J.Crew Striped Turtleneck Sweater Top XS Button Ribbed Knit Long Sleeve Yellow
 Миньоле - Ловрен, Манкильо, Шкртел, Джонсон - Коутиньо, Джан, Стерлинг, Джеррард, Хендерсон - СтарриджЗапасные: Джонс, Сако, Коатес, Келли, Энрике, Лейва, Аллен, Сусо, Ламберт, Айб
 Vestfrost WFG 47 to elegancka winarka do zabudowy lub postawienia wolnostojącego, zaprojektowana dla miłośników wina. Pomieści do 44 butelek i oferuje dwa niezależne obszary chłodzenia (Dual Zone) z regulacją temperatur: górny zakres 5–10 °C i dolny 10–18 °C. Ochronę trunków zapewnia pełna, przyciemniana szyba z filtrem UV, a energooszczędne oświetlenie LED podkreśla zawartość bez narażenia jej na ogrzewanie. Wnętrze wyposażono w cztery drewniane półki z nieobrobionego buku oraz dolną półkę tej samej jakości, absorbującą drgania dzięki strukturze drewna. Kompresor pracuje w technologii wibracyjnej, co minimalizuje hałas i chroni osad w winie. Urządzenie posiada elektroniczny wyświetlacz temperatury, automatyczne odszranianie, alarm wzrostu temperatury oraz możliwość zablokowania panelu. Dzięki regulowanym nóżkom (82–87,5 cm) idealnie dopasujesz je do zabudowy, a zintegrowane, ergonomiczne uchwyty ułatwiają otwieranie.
--
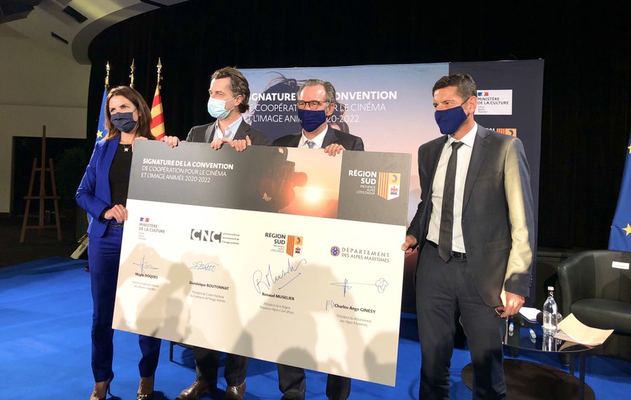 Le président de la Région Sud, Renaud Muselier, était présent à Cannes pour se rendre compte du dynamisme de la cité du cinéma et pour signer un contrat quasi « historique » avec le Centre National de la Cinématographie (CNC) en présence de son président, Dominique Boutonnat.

Task goal: Using the records above, set down exactly the lines from the one with "J.Crew Striped Turtleneck" through the one with "Миньоле - Ловрен, Манкильо, Шкртел, Джонсон", inclusive, and nothing more.

Solution below:
J.Crew Striped Turtleneck Sweater Top XS Button Ribbed Knit Long Sleeve Yellow
 Миньоле - Ловрен, Манкильо, Шкртел, Джонсон - Коутиньо, Джан, Стерлинг, Джеррард, Хендерсон - СтарриджЗапасные: Джонс, Сако, Коатес, Келли, Энрике, Лейва, Аллен, Сусо, Ламберт, Айб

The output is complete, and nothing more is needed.